Treasury, IRS Preparing Marijuana Tax Guidance Following Federal Rescheduling Order
- The U.S. Department of the Treasury and IRS plan to issue new tax guidance following the DOJ’s final order rescheduling certain medical marijuana products from Schedule I to Schedule III.
- The new guidance will focus on providing relief from Section 280E, which currently restricts tax deductions and credits for businesses dealing with Schedule I or II substances.
- The DOJ’s order, influenced by a presidential executive order, places FDA-approved medical marijuana and state-licensed products into Schedule III, offering significant positive tax implications for these businesses.
- The forthcoming IRS guidance will clarify how to handle Section 280E for businesses with mixed Schedule III and Schedule I or II activities, including rules on expense apportionment and transition provisions for the taxable year of rescheduling.
The U.S. Department of the Treasury and IRS announced today via press release that they plan to issue new tax guidance following the Department of Justice’s final order moving certain forms of medical marijuana from Schedule I to Schedule III under federal law.
The guidance is expected to address one of the biggest financial consequences of rescheduling: relief from Section 280E, the federal tax provision that prevents businesses involved with Schedule I or II substances from taking standard deductions and credits.
DOJ’s final order, issued after President Donald Trump’s December executive order directing the attorney general to complete the rescheduling process, places marijuana contained in FDA-approved products or subject to a state medical marijuana license into Schedule III.
Treasury and the IRS said DOJ’s action is expected to have “significant positive tax consequences” for medical marijuana businesses.
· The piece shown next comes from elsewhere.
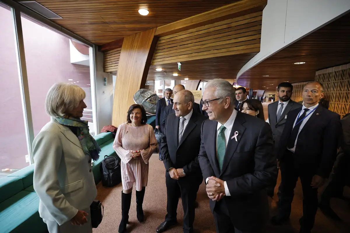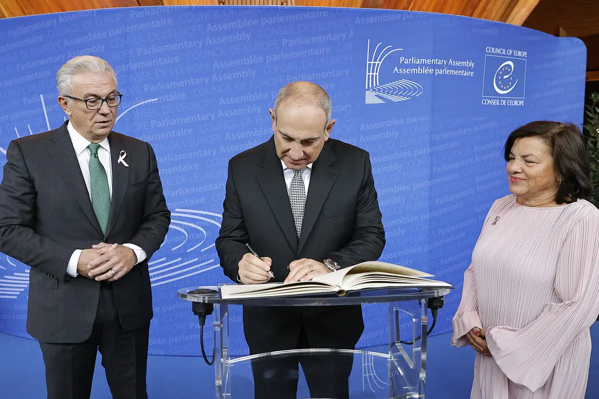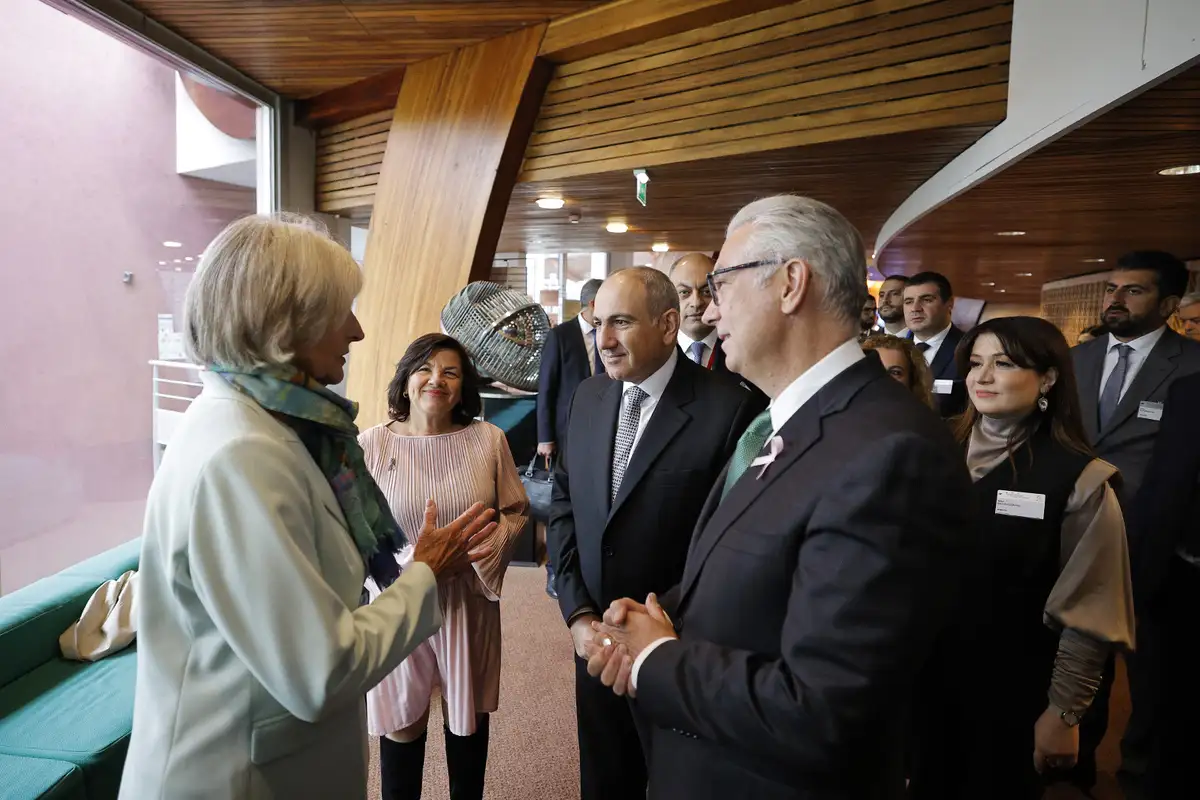 The Prime Minister was welcomed at the entrance by the PACE President and the PACE Secretary General, Despina Chatzivassiliou, after which Nikol Pashinyan made an entry in the PACE President's "Golden Book" and took a brief tour.

Because Section 280E applies to businesses trafficking in Schedule I or II substances, moving qualifying medical marijuana activity to Schedule III would generally remove 280E as a barrier to claiming deductions and credits for those activities.
The forthcoming guidance is expected to clarify how 280E applies to businesses with multiple activities, including companies that may have both Schedule III medical marijuana operations and activities that remain tied to Schedule I or II substances. Treasury said the guidance is expected to address expense apportionment in those situations.
The IRS is also expected to include a transition rule stating that, for 280E purposes, rescheduling will generally apply to the full taxable year that includes the effective date of DOJ’s final order, for business activities no longer involving Schedule I or II substances.